COMMENT ON TABLE customers IS 'Core customer records';
COMMENT ON COLUMN customers.email IS 'Unique email address, used for login';
COMMENT ON TABLE orders IS 'Customer orders with timestamps and totals';
COMMENT ON COLUMN orders.customer_id IS 'Foreign key to customers table';Use \d+ table_name in psql to view comments.
A query that's fast with 1,000 rows might be slow with 1 million. Always test with production-like data.
In OLAP systems (data warehouses), denormalization is standard. Joins are expensive at scale, so data is pre-aggregated.
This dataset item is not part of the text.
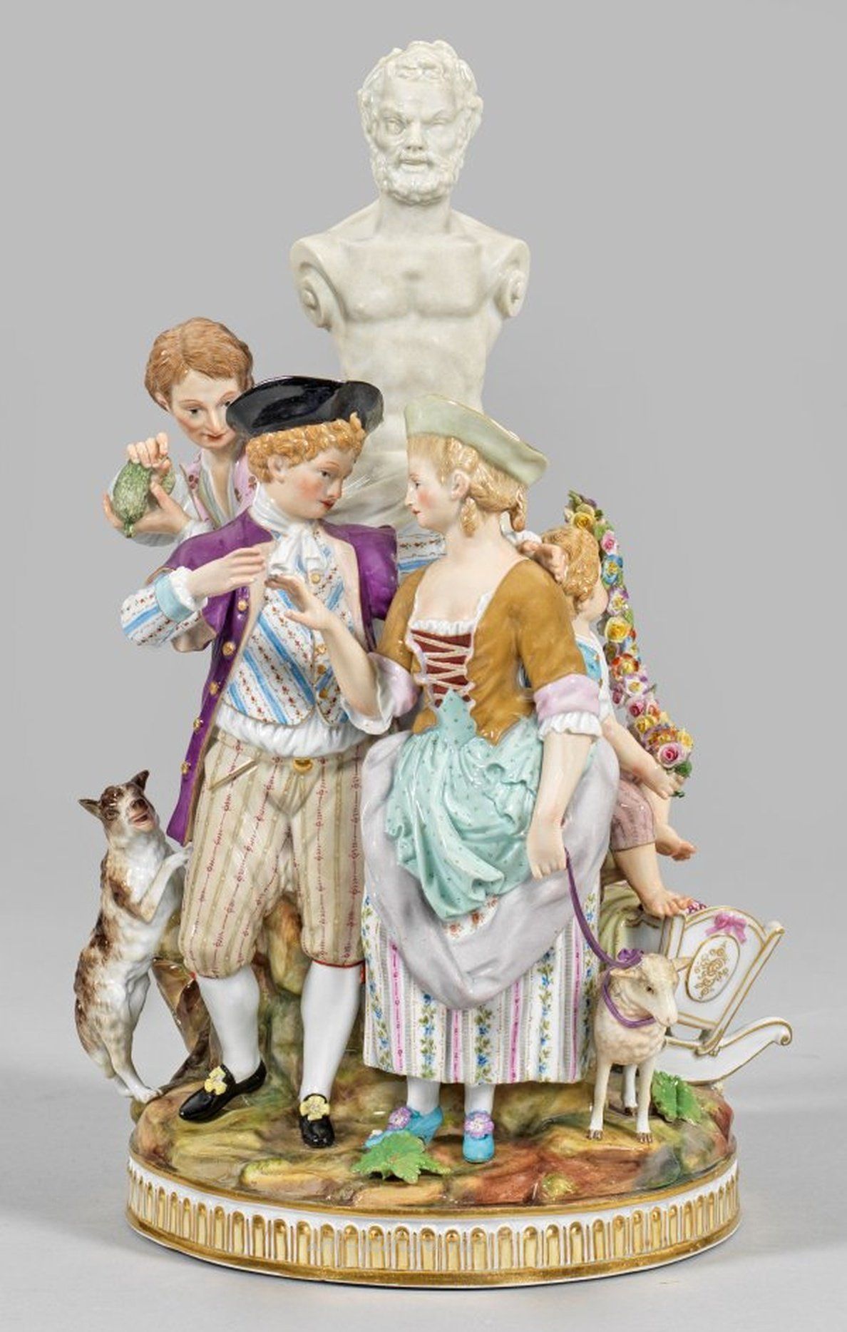 Также называется "Деревенская невеста". На рельефной основе круглой формы находится всеобъемлющая группа. Перед сатировским гермом стоит деревенская свадебная пара, по обеим сторонам которой находятся собака и ягненок. В дальнем плане приближается джентльмен с зеленым кошельком. На оборотной стороне мальчик сидит на камне с гирляндой из пластиковых цветов. У его ног находится наполненная детская колыбель с бельем. Полихромная живопись с позолоченными деталями. Возможно, автором является Мишель Виктор Асье. Частично восстановлено; клеймо в виде меча. Высота: 33 см. См. П. фон Шпее, Классицистическая фарфоровая пластика (Дисс.), Бонн, 2004, кат. № 65. Фарфоровая фигурная группа "Деревенская помолвка". Частично восстановлена. Клеймо в виде скрещенных мечей. Мейсен. Вторая половина 19 века.

If you're using MongoDB or similar, embedding related data is often better than joins. Document databases don't have efficient joins.
For high-frequency queries, pre-computed aggregations (materialized views, caches) beat joins every time.
If data lives in separate services, joins happen in application code, not SQL. Consider API calls or event-driven synchronization.
SQL joins are powerful because they enforce data integrity while keeping storage efficient. The key is understanding your relationships—one-to-one, one-to-many, many-to-many, polymorphic, and self-referential—and choosing the right join type for each query.
Start with a normalized schema, index your foreign keys, and use EXPLAIN ANALYZE to catch performance issues early. As your system grows, denormalization and materialized views become tools, not shortcuts.
The e-commerce schema we built covers most real-world patterns. Use it as a template for your own designs, and you'll write efficient queries that scale.
Next steps: Build a schema for your domain, write queries against it, and analyze the execution plans. The patterns you learn will transfer to any relational database.